The output of assembly is a file build/transform/assem.txt that looks like this (at time of writing):

== COS_License ==
#   Author: 
...

== COS_Intro ==
# MATH introduce numbers (in unary notation)
# Here we count up from zero, go through some primes, etc. There is some
# syntax around the numbers, but that doesn't need to be understood at
# this point. We give numbers in a tweaked unary format, rather than the
# encoding used in the main body of the message.
intro is:int;
is:int | unary 0;
is:int | unary 1 0;
is:int | unary 1 1 0;
is:int | unary 1 1 1 0;
is:int | unary 1 1 1 1 0;
is:int | unary 1 1 1 1 1 0;
is:int | unary 1 1 1 1 1 1 0;
is:int | unary 1 1 1 1 1 1 1 0;
is:int | unary 1 1 1 1 1 1 1 1 0;
is:int | unary 1 1 1 1 1 1 1 1 1 0;
is:int | unary 1 1 1 1 1 1 1 1 1 1 0;
is:int | unary 1 1 1 1 1 1 1 1 1 1 1 0;
is:int | unary 1 1 1 1 1 1 1 1 1 1 1 1 0;
is:int | unary 1 1 1 1 1 1 1 1 1 1 1 1 1 0;
is:int | unary 1 1 1 1 1 1 1 1 1 1 1 1 1 1 0;
is:int | unary 1 1 1 1 1 1 1 1 1 1 1 1 1 1 1 0;
intro is:square;
is:square | unary 0;
is:square | unary 1 0;
is:square | unary 1 1 1 1 0;
is:square | unary 1 1 1 1 1 1 1 1 1 0;
...
  • Lines of the form == section name == mark the beginning of sections. The notion of sections is meta-information not intended for inclusion in the message itself.
  • Lines that begin with # are comments, for use during development, and not intended for inclusion in the message itself.
  • Lines ending with a ; are textual versions of material intended for inclusion in the message. The actual way the line is encoded in the message is handled via a later compilation process.

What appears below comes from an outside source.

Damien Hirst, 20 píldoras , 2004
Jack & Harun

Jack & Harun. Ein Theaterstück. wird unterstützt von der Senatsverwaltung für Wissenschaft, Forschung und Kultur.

Wrinkles of the assembled message

  • Lines of the form (....); should now have their outer parenthesis removed, becoming ....; - this was part of a reform to strip away any unnecessary nesting, but not all sections have been rewritten to reflect this. This should eventually become consistent.
  • Lines of the form demo | ....; will currently be replaced with = <val> | ....; in the actual message, where <val> is the result of evaluating the statement after demo. This feature was handy in a section or two, but isn't by any means essential, so maybe this wrinkle should get removed.

Encoding the message

The format of assem.txt evolved over time and is a bit awkward to work with. To get to a firmer starting point for processing the message, assem.txt is parsed into assem.json which looks like this:

[
...
  {
    "role": "comment",
    "lines": [
      "# note the appearance of new in the next line --",
      "# this is the only difference to previous version"
    ]
  },
  {
    "role": "code",
    "lines": [
      "define point1 (point new 1 11);"
    ]
  },
  {
    "role": "code",
    "lines": [
      "define point2 (point new 2 22);"
    ]
  },
...
]

We now have a list of elements, where each element has a clear role (currently comment, code, file meaning section, and gate). Once we have assem.json, we start enriching the code elements, saving the results in the creatively-named build/transform/assem2.json. A code section might expand to, for example:

  {
    "role": "code",
    "lines": [
      "is:int | unary 1 1 1 1 1 0;"
    ],
    "code": "210110111302321111111132132132132132132032233",
    "parse": [
      "is:int",
      [
        -1,
        "unary",
        1,
        1,
        1,
        1,
        1,
        0
      ]
    ],
    "stanza": 10
  },

The terribly named code subfield is the default encoding of the message.